Con base en ese sustento legal, entre 1970 y 1976, el gobierno de la República pudo recuperar más de 40 mil piezas arqueológicas y coloniales que se encuentran en custodia de los institutos correspondientes. Entre los más destacados ejemplos se hallan El señor de las limas y El cuarto códice maya, así como variados estípites, óleos y retablos barrocos de extraordinario valor, junto con tantas otras muestras significativas de la cultura mexicana.

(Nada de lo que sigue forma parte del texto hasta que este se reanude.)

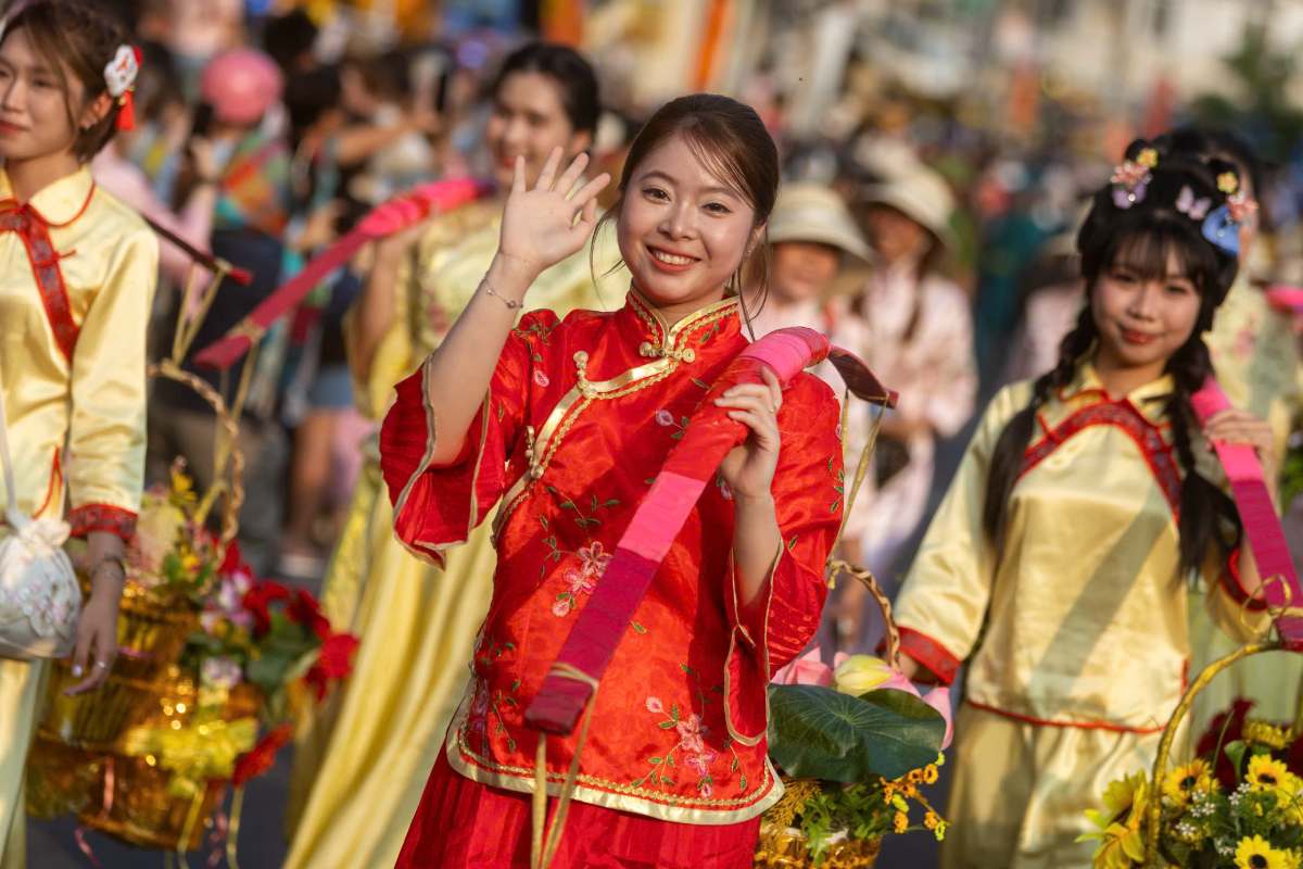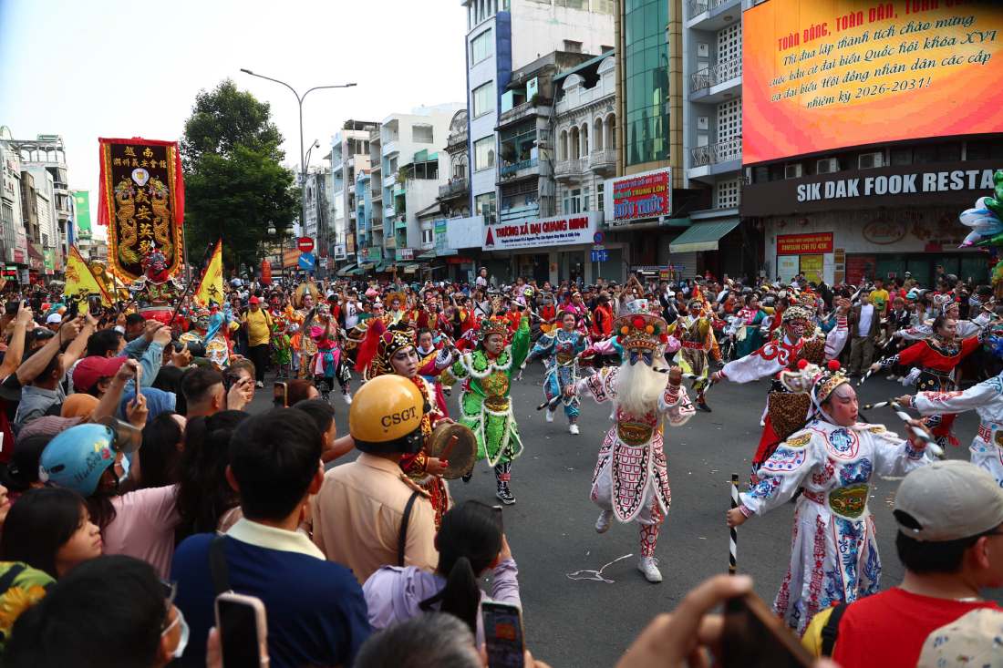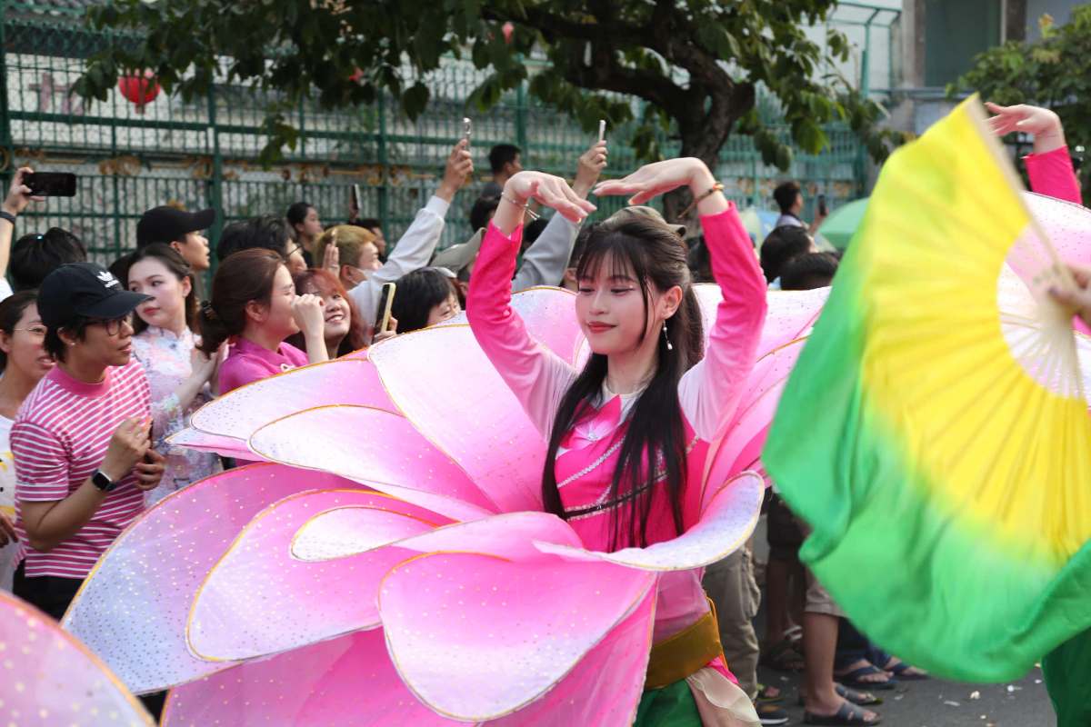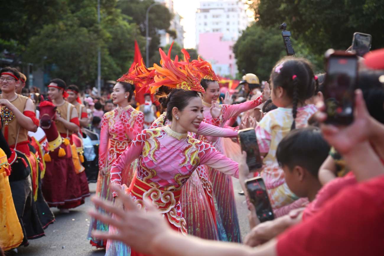 Ho Chi Minh City - Thousands of people and tourists watch the lion and dragon parade, immersing themselves in the atmosphere of the Lunar New Year festival at the Nguyen Tieu festival.

En esa lucha singular también se consiguió establecer y adherirse a dos convenios internacionales; uno entre México y Estados Unidos, en 1970, y el otro multilateral, con la Unesco, en 1973, los cuales prohibieron la importación y exportación ilícita de bienes culturales. Ambas legislaciones señalan dos condiciones fundamentales para la reivindicación de los bienes saqueados: la primera es que haya un registro previo del bien a rescatar y, la segunda, que se pueda probar que el mismo fue exportado ilegalmente en fecha posterior a la entrada en vigor del tratado correspondiente. En razón de lo anterior, todas las denuncias que se presenten sobre saqueo internacional deben acompañar, como pruebas indispensables, la prexistencia y el origen del bien saqueado, demostrando también que éste se encontraba en poder y en el territorio de nuestra nación después de 1970 y 1973, años en que entraron en vigor los convenios referidos.

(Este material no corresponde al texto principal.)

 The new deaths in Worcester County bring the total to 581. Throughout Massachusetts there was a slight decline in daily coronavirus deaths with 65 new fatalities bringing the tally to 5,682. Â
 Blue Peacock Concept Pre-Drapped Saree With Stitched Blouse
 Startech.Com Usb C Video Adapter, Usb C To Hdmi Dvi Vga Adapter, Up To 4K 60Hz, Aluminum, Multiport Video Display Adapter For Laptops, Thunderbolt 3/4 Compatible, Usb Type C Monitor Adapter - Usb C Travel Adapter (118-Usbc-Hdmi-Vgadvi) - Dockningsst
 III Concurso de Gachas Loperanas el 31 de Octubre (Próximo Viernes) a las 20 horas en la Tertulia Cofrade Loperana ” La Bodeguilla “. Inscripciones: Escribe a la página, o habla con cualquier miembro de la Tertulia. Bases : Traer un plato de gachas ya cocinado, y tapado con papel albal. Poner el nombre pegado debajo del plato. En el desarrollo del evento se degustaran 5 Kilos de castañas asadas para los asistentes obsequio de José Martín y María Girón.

Para contar con esa prueba indispensable, es necesario realizar de inmediato una verdadera cruzada nacional, con participación comunitaria y a un mínimo costo, para fotografiar –certificando fecha y ubicación–, todos los bienes arqueológicos, históricos o artísticos, que es obligatorio defender, estén o no inventariados previamente; ya que, si se cumple con ese requisito, el patrimonio cultural de la nación se podrá reivindicar legalmente con indudable éxito. Por excepción, y cuando no se cuente con esos antecedentes identificables y fechados, también existe la posibilidad de que la institución afectada pueda intentar juicios civiles en los países donde se vendan o se subasten estos bienes, exigiendo que el detentador de una pieza en esas condiciones demuestre su legítima procedencia. Esos trámites judiciales no siempre garantizan éxito, pero sí pueden contener a los saqueadores. Nuestro patrimonio cultural es para los mexicanos identidad, fortaleza y el símbolo más poderoso de nuestra soberanía individual, como pueblo y nación. ¡Hay que defenderlo a toda costa!